**ASSIGNMENT:** Output only the lines below from the one containing "Figure 1. Public" to the one containing "VIEW TO THE", exactly as written, both ends kept.

**INPUT DATA:**
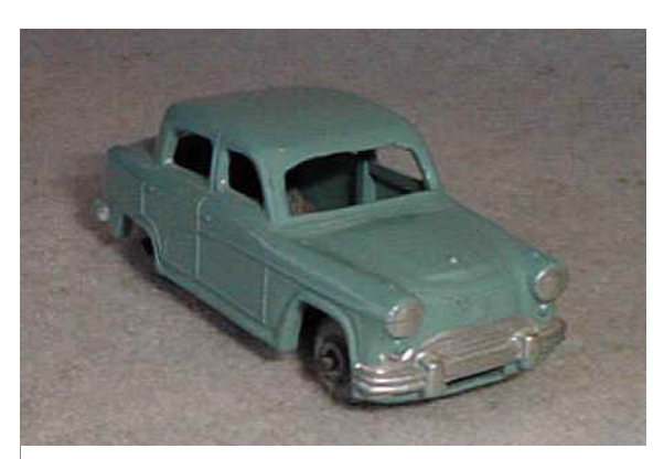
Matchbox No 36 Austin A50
...
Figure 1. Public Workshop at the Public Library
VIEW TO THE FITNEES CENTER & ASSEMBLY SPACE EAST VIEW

**YOUR SOLUTION:**
Figure 1. Public Workshop at the Public Library
VIEW TO THE FITNEES CENTER & ASSEMBLY SPACE EAST VIEW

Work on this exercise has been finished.